On September 26th, 2018, Zaid Sawlan successfully defended his Ph.D. thesis entitled "Statistical analysis and Bayesian methods for fatigue life prediction and inverse problems in linear time-dependent PDEs with uncertainties."
Prof. Marco Scavino, UdelaR, Montevideo, Uruguay
Prof. Serge Prudhomme, Poly Montreal, Canada
Prof. Olivier LeMaitre, LIMSI, Paris, France
Prof. Haavard Rue, KAUST
Prof. Slim Alouini, KAUST
Prof. Fabio Nobile, EPFL, Lausanne, Switzerland External Examiner
Prof. Raul Tempone (KAUST, CEMSE, AMCS) Thesis Advisor
This work employs statistical and Bayesian techniques to analyze mathematical forward models with several sources of uncertainty. The forward models usually arise from phenomenological and physical phenomena and are expressed through regression-based models or partial differential equations (PDEs) associated with uncertain parameters and input data. One of the critical challenges in real-world applications is, for any proposed model, to estimate and quantify uncertainties of its unknown parameters using the available observations. To this purpose, methods based on the likelihood function, and Bayesian techniques constitute the two main statistical inferential approaches considered here, the latter providing a full probability distribution for the parameters of interest, named the posterior distribution. In the classical approach, bootstrap confidence intervals procedures are used to assess the variability of the estimates robustly.
Two problems are studied in this thesis. The first problem is the prediction of fatigue life of metallic specimens. The second part is related to inverse problems in linear PDEs. Both problems require the inference of unknown parameters given some measurements. We first estimate the parameters by means of the maximum likelihood approach. Next, we seek a more comprehensive Bayesian inference using analytical asymptotic approximations, such as those based on the Laplace method, or computational techniques, such as Markov chain Monte Carlo (MCMC) methods, or combinations of the mentioned approaches. Each problem has also its own difficulties and challenges that need to be addressed.

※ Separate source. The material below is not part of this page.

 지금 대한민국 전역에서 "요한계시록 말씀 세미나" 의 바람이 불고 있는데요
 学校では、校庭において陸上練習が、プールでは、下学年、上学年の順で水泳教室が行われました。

In the fatigue life prediction, there are several plausible probabilistic stress-lifetime (S-N) models. These models are calibrated given uniaxial fatigue experiments. To generate accurate fatigue life predictions, competing S-N models are ranked according to several classical information-based measures, such as the Akaike information criterion (AIC). A different set of predictive information criteria, relying on cross-validation techniques, is then used to compare the candidate Bayesian models. Moreover, we propose a spatial stochastic model to generalize S-N models to fatigue crack initiation in general geometries. The model is based on a spatial Poisson process with intensity function that combines the S-N curves with an averaged effective stress that is computed on the surface of the specimens from the solution of the linear elasticity equations.

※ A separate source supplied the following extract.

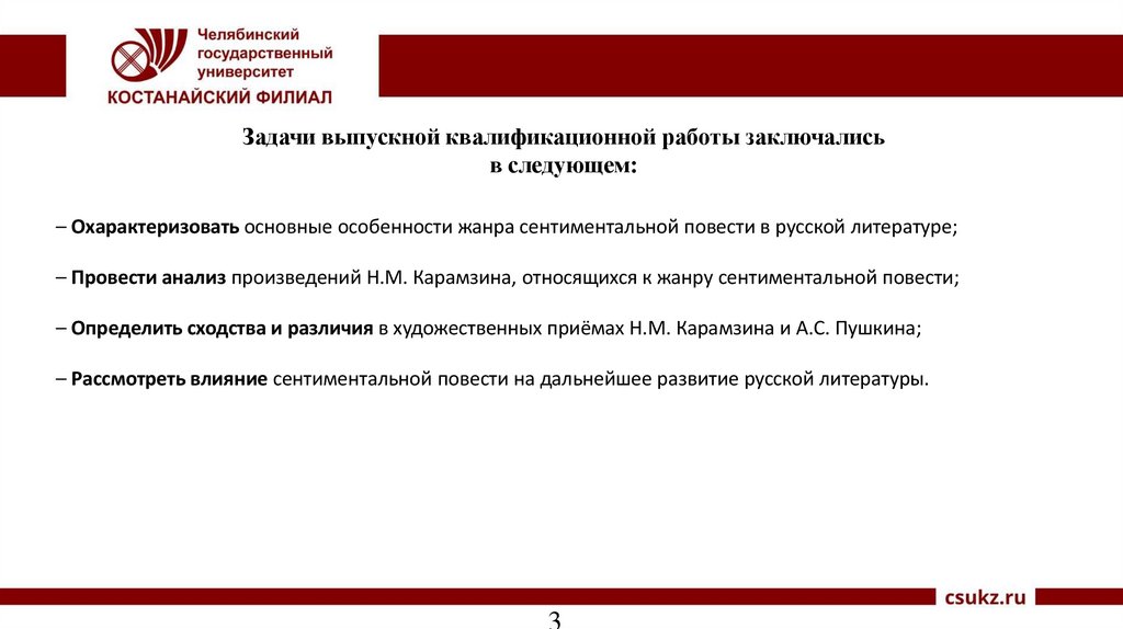 – Провести анализ произведений Н.М. Карамзина, относящихся к жанру сентиментальной повести;

For the inverse problems in linear PDEs, we assume that, besides the unknown physical parameters, the boundary conditions are unknown exactly. However, noisy measurements of the boundary conditions are available. Here, we develop a novel marginalization method using a hierarchical Bayesian framework. This method accounts for uncertainties in the boundary conditions and therefore reduces the bias error in the estimated parameters. We apply the marginalization technique to the real-world problem of estimating the thermal properties of building walls. Furthermore, we generalize the marginalization technique to a sequential framework by deriving and implementing an ensemble marginalized Kalman filter (EnMKF).
Zaid Sawlan is a Ph.D. candidate in applied mathematics and computational science at King Abdullah University of Science and Technology (KAUST). He earned his master's degree in Applied mathematics from KAUST in 2012. Before joining KAUST, he graduated from King Saud University with first-class honor in mathematics. His main research interests are uncertainty quantification, inverse problems, and data assimilation.